I get the following exception when trying to import gensim: ValueError: numpy.ndarray size changed, may indicate binary incompatibility. Expected 88 from C header, got 80 from PyObject. Not sure how i can make this work, I tried downgrading several libraries but still not achieved to make it work in Ubuntu.
Edit : works on Python 3.8.10
Hi all - We came across the same issue using gensim 3.8.3 and numpy 1.22.2
I removed numpy from requirements.txt
(it gets installed as a dependency by other packages anyway) and let pip
resolve the dependencies. That fixed the problem for us.
Gensim 3.x is not supported at this point – please upgrade to the latest version (4.1.2 currently). If something doesn't work there, report here. Thanks.
I had the same error on Python 3.8.8 and gensim 4.2.0 on Jupyter Notebook. I fixed by upgrading Numpy to 1.22.4 and restarting run time.

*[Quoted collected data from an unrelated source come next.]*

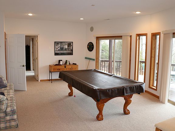 Open and expansive modern lakehouse with stunning lake views on nearly 1 acre wooded lot in coveted Deerfield Resort looks across into Chuck Swan Wildlife Area. Pine cathedral ceilings in great room with 2-story stone fireplace. Main level master suite, hardwood foors, and breezeway connecting kitchen to large 2-car garage with attic storage. Full width decks walk out on both levels, 2 bedrooms and full bath on upper level, and the lower level open family room / living room also has a laundry room, bar area., 1.5 baths and large bedroom. Semi-circle driveway, large open entryway, floor to ceiling windows in great room and loads of natural light are just a few of the extras in this 15 year old home, perfect for your vacation getaway, rental investment or retirement dream home!
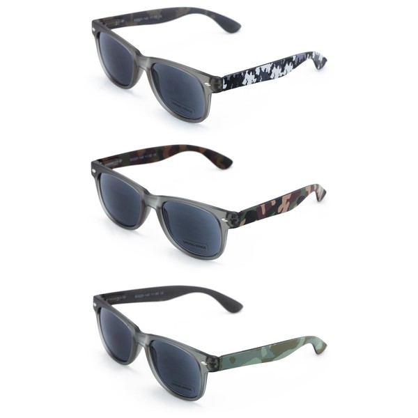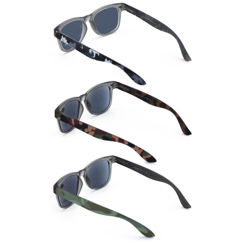 V.W.E. 3 Pairs Matte Military Camouflage Print Classic Comfortable Reading SunGlasses Tinted Reader Outdoor UV Protection (3 Pairs Assorted, 3.00, x)
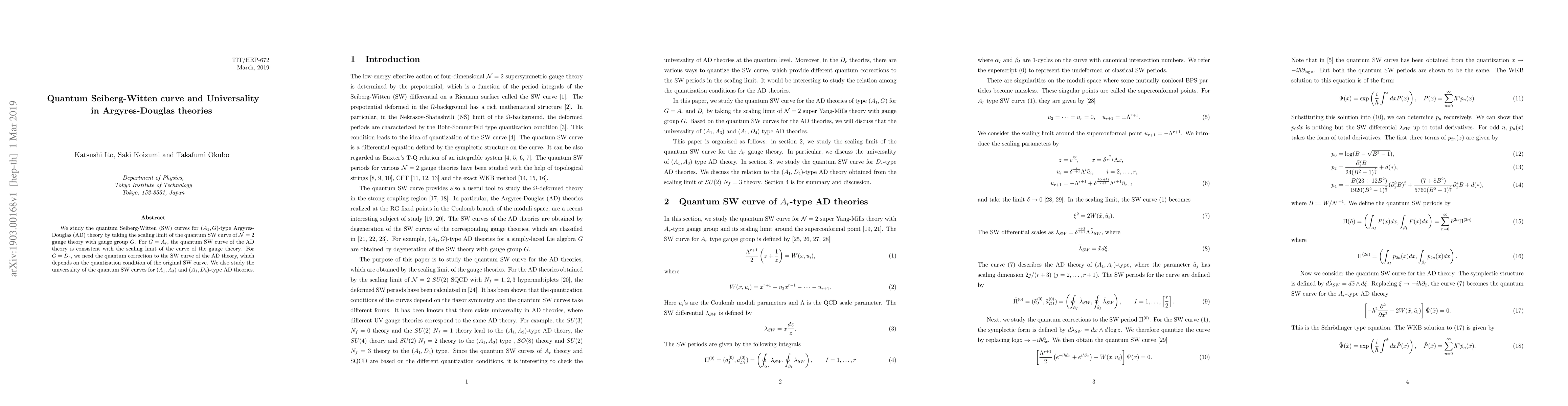 This paper investigates the quantum Seiberg-Witten curves for $(A_1, G)$-type Argyres-Douglas theories, showing that for $G=A_r$, the AD theory's curve aligns with the gauge theory's scaling limit. For $G=D_r$, a quantum correction is required, and it explores the universality of these curves in $(A_1, A_3)$ and $(A_1, D_4)$ AD theories.
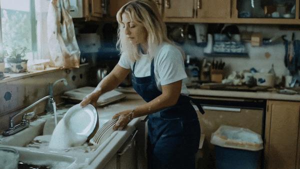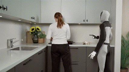 而曾经的女主人则系着围裙,站在洗碗池旁,洗着成堆的碗碟。同时,还得应付 NEO 的「发号施令」:
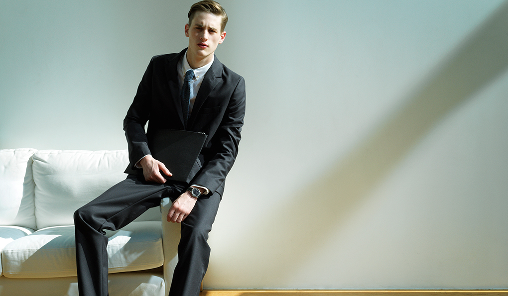 「1878年には馬と騎手が刻まれたクロノグラフ機能のついた懐中時計の生産を始めたというロンジン。そもそも競馬には、きちんと正装した貴族の娯楽としての伝統や文化があります。ロンジンにはドレス感や、ジェントルマンの品格があるブランドなので、服のコーディネートにも全体的にジェントルマンを意識しました。もう一点、今回、裏に掲げたテーマが“相反する要素を組み合わせる”ことだったので、洋服、時計、モデルの雰囲気、髪型……それぞれに意外性を持たせつつも総合的に見てカッコいい仕上がりを目指しました」。祐真朋樹のスタイリングを参考にしながら、時計とファッションを着せ替えて、自分にあったスタイルを探してみて欲しい。
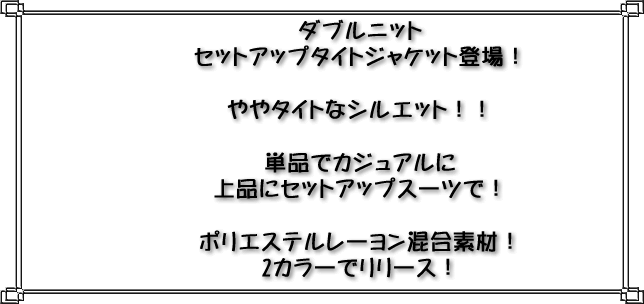 オリジナルダブルニットセットアップタイトジャケット登場!タイトなシルエットでもソフトなニット仕様で柔らかい着心地でです!

I am on Python 3.10.7, gensim 4.3.1, and Numpy 1.24.1 getting this error when running
import gensim.downloader as api
api.info("text8")
Hi there, I am using poetry, and installing the latest gensim forced a downgrade to numpy 1.26.4 from 2.1.2
This breaks some other things that were expecting numpy 2 (of course it's the other offending package for not properly specifying only numpy 2) but still, should gensim be officially depending on numpy 2 or not?
Hi,
I was trying to run script that I created some time ago on Python 3.6.5 and it seems to don't work anymore. I can't import the library. Upgrading numpy didn't help. Can I ask for a solution to this problem?
Best regards, Norbert